*Extracted entries*
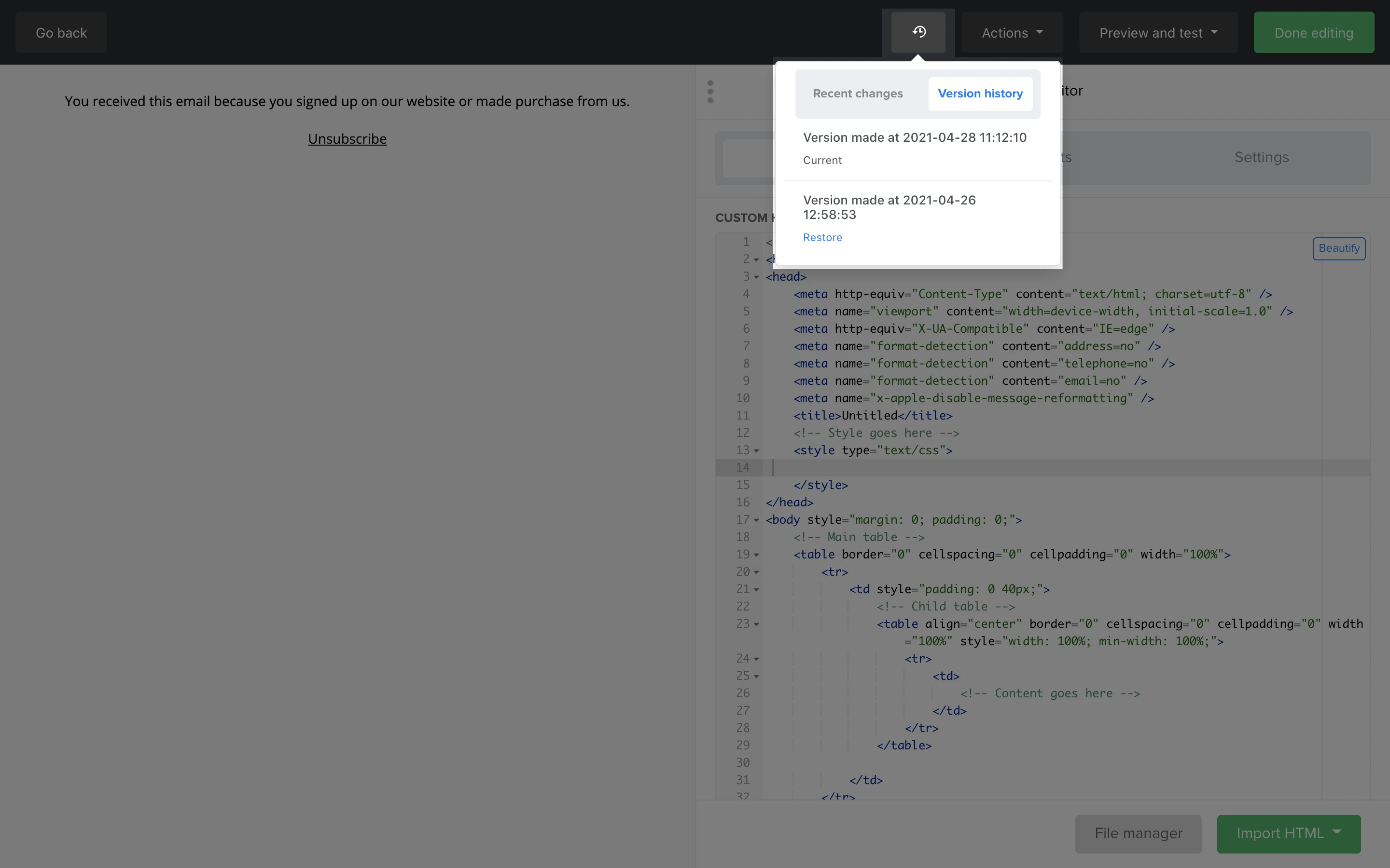 Click the Recent changes tab to undo recent changes or click the Version history tab to restore a previously saved version of your campaign.
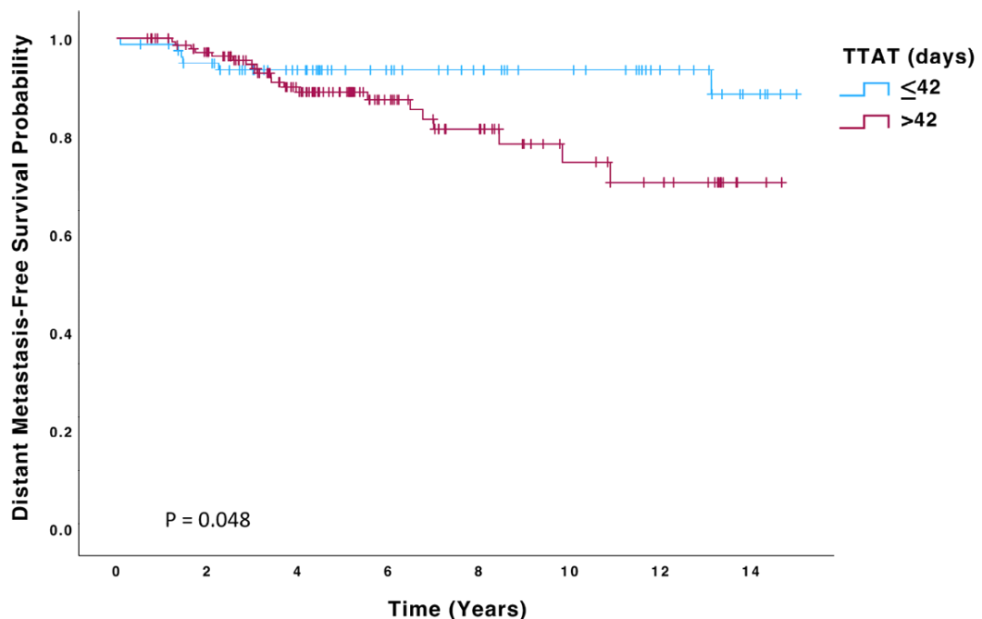 这是一项来自爱尔兰的单中心回顾性研究,分析了手术治疗后接受曲妥珠单抗辅助治疗且未接受过新辅助治疗的HER2阳性乳腺癌患者。患者根据术后至曲妥珠单抗辅助治疗时间(TTAT),分为TTAT≤42天或TTAT>42天两组。TTAT定义为HER2阳性浸润性乳腺癌初次手术至开始曲妥珠单抗辅助治疗的时间间隔。关键终点包括总生存(OS)、无病生存(DFS)和无远处转移生存(DMFS),通过Kaplan-Meier和Cox回归分析进行评估。
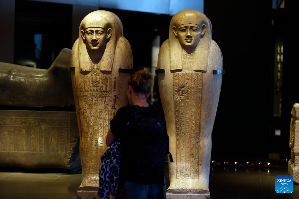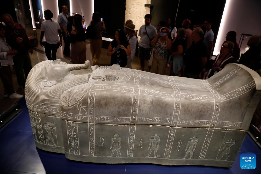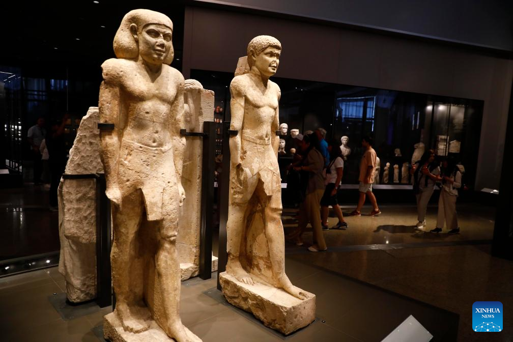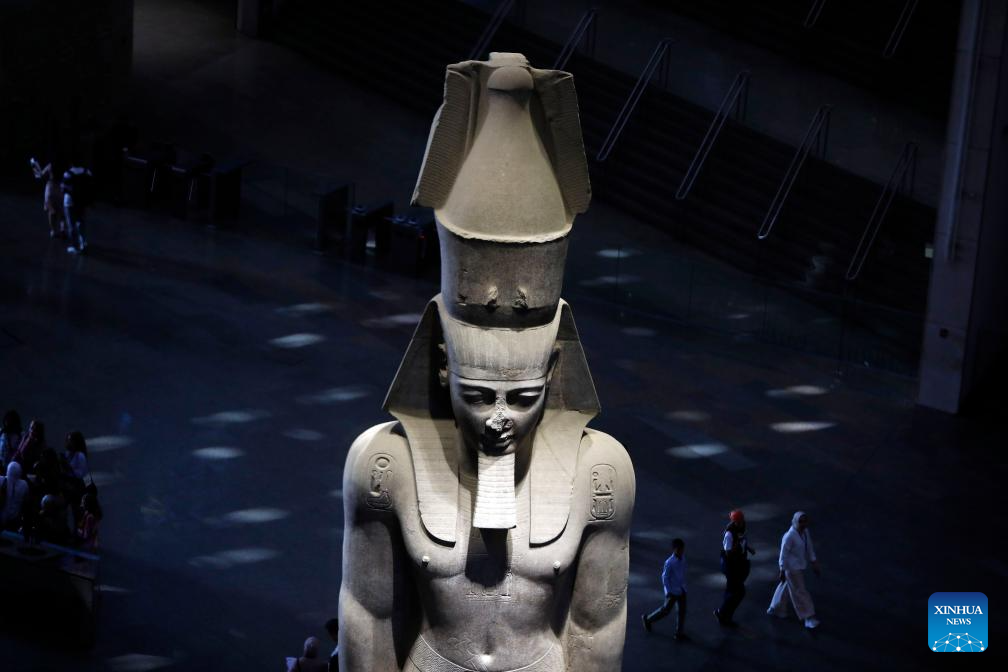 Photo taken on Oct. 14, 2025 shows exhibits at the Grand Egyptian Museum in Giza, Egypt. Egypt's Grand Egyptian Museum (GEM) is temporarily closed to the public from Oct. 15 to Nov. 3 in preparation for its official opening, scheduled for early November, according to an announcement published Monday on the museum's official website. (Xinhua/Ahmed Gomaa)
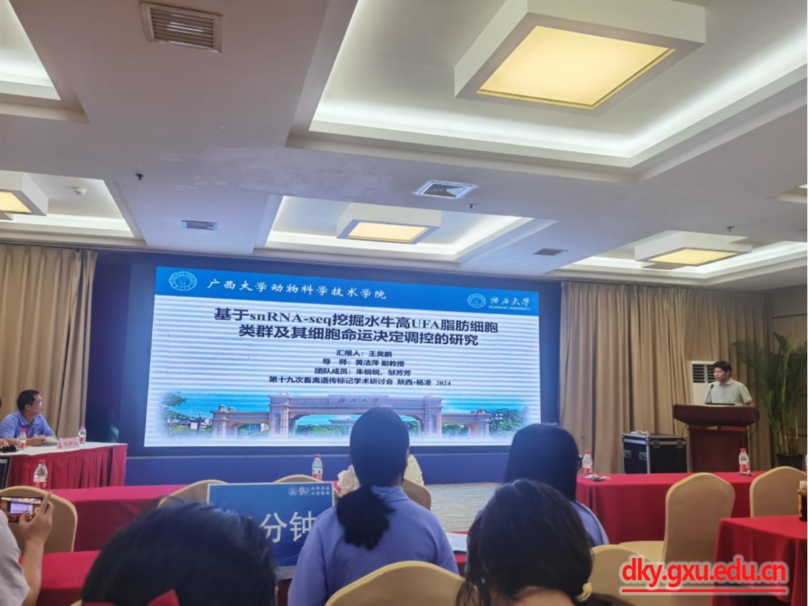 本次大会以“多组学数据驱动的动物遗传标记创新”为主题,汇聚了国内外从事畜禽遗传标记研究、开发和应用的专家、学者和技术人员,对本领域最前沿的研究进展和成果进行专题报告和讨论。与会者就基因组学、表观遗传学、单细胞转录组学、基因编辑及转基因动物等新技术及其在畜禽遗传标记和动物育种中的应用进行专题报告与讨论。会议分不同场次分享了6个特邀报告、71个口头报告和海报展示94篇,凝聚了全国畜禽遗传标记研究领域的最新科研成果。在本次会议中,我院博士研究生钟丹丹(导师:李辉)和硕士研究生王昊鹏(导师:黄洁萍)分别做了口头汇报,博士生朱锐锐(导师:黄洁萍)和李雪华(导师:赵云翔)以及硕士研究生赵家辉(导师:李辉)和康雨锦(导师:李辉)做了墙报。
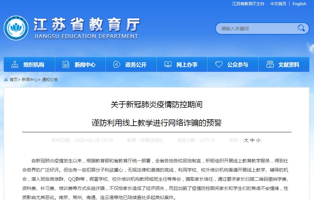 2月28日,江苏省教育厅发布《关于新冠肺炎疫情防控期间谨防利用线上教学进行网络诈骗的预警》。
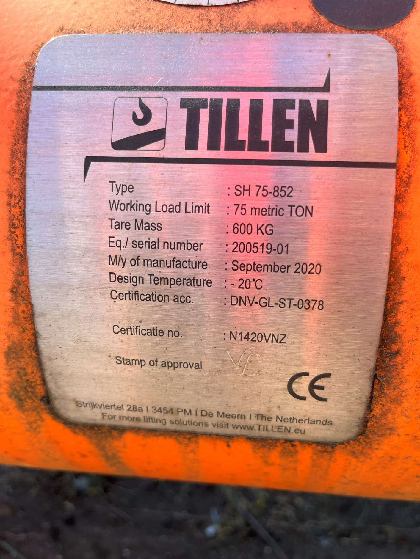 Heavy-duty lifting spreader beams manufactured by Tillen. This beam is designed for high-capacity lifting operations, with a Working Load Limit of 75 metric tons each. Manufactured in September 2020 and certified according to DNV-GL-ST-0378 standards.

*The task*
Write out the material above precisely, leaving each picture behind.

*Written solution*
 Click the Recent changes tab to undo recent changes or click the Version history tab to restore a previously saved version of your campaign.
 这是一项来自爱尔兰的单中心回顾性研究,分析了手术治疗后接受曲妥珠单抗辅助治疗且未接受过新辅助治疗的HER2阳性乳腺癌患者。患者根据术后至曲妥珠单抗辅助治疗时间(TTAT),分为TTAT≤42天或TTAT>42天两组。TTAT定义为HER2阳性浸润性乳腺癌初次手术至开始曲妥珠单抗辅助治疗的时间间隔。关键终点包括总生存(OS)、无病生存(DFS)和无远处转移生存(DMFS),通过Kaplan-Meier和Cox回归分析进行评估。
 Photo taken on Oct. 14, 2025 shows exhibits at the Grand Egyptian Museum in Giza, Egypt. Egypt's Grand Egyptian Museum (GEM) is temporarily closed to the public from Oct. 15 to Nov. 3 in preparation for its official opening, scheduled for early November, according to an announcement published Monday on the museum's official website. (Xinhua/Ahmed Gomaa)
 本次大会以“多组学数据驱动的动物遗传标记创新”为主题,汇聚了国内外从事畜禽遗传标记研究、开发和应用的专家、学者和技术人员,对本领域最前沿的研究进展和成果进行专题报告和讨论。与会者就基因组学、表观遗传学、单细胞转录组学、基因编辑及转基因动物等新技术及其在畜禽遗传标记和动物育种中的应用进行专题报告与讨论。会议分不同场次分享了6个特邀报告、71个口头报告和海报展示94篇,凝聚了全国畜禽遗传标记研究领域的最新科研成果。在本次会议中,我院博士研究生钟丹丹(导师:李辉)和硕士研究生王昊鹏(导师:黄洁萍)分别做了口头汇报,博士生朱锐锐(导师:黄洁萍)和李雪华(导师:赵云翔)以及硕士研究生赵家辉(导师:李辉)和康雨锦(导师:李辉)做了墙报。
 2月28日,江苏省教育厅发布《关于新冠肺炎疫情防控期间谨防利用线上教学进行网络诈骗的预警》。
 Heavy-duty lifting spreader beams manufactured by Tillen. This beam is designed for high-capacity lifting operations, with a Working Load Limit of 75 metric tons each. Manufactured in September 2020 and certified according to DNV-GL-ST-0378 standards.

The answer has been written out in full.